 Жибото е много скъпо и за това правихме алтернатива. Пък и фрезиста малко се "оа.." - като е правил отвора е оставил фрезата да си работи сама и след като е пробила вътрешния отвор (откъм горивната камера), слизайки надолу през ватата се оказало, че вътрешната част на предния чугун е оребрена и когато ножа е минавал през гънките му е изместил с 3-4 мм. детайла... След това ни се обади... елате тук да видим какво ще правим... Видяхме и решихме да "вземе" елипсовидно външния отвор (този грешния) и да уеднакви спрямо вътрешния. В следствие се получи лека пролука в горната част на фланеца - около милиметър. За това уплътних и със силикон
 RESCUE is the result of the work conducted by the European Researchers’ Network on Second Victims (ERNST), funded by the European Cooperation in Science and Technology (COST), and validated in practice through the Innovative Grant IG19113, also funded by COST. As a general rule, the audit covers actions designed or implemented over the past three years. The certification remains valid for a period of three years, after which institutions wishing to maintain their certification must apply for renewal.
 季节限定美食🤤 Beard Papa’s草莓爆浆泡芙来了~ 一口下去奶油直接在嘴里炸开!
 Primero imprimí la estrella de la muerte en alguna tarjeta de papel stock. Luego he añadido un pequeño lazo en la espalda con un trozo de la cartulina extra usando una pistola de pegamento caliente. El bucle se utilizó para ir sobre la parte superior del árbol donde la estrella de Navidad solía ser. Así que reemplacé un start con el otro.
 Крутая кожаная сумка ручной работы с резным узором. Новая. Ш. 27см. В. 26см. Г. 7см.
* * * * *
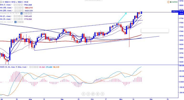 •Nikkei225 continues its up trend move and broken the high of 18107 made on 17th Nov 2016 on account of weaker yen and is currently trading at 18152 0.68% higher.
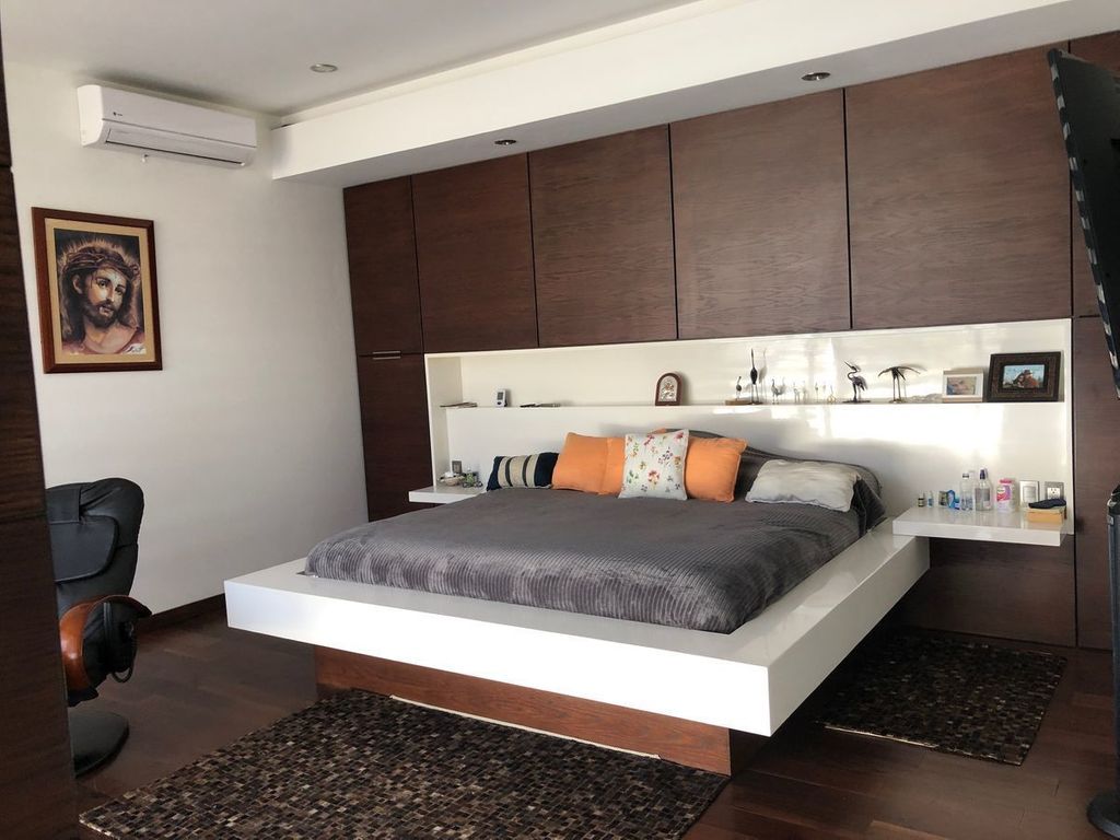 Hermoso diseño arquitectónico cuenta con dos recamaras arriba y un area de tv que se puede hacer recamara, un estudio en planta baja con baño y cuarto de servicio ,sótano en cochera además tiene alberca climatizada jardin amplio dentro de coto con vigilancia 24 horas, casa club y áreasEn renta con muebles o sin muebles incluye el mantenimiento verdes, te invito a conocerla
* * * * *
• _Exercise objective_
Give only the lines from the one holding "Жибото е много" through the one holding "季节限定美食🤤 Beard Papa’s草莓爆浆泡芙来了~ 一口下去奶油直接在嘴里炸开!", each restated exactly as it appears above.

• _Exercise solution_
 Жибото е много скъпо и за това правихме алтернатива. Пък и фрезиста малко се "оа.." - като е правил отвора е оставил фрезата да си работи сама и след като е пробила вътрешния отвор (откъм горивната камера), слизайки надолу през ватата се оказало, че вътрешната част на предния чугун е оребрена и когато ножа е минавал през гънките му е изместил с 3-4 мм. детайла... След това ни се обади... елате тук да видим какво ще правим... Видяхме и решихме да "вземе" елипсовидно външния отвор (този грешния) и да уеднакви спрямо вътрешния. В следствие се получи лека пролука в горната част на фланеца - около милиметър. За това уплътних и със силикон
 RESCUE is the result of the work conducted by the European Researchers’ Network on Second Victims (ERNST), funded by the European Cooperation in Science and Technology (COST), and validated in practice through the Innovative Grant IG19113, also funded by COST. As a general rule, the audit covers actions designed or implemented over the past three years. The certification remains valid for a period of three years, after which institutions wishing to maintain their certification must apply for renewal.
 季节限定美食🤤 Beard Papa’s草莓爆浆泡芙来了~ 一口下去奶油直接在嘴里炸开!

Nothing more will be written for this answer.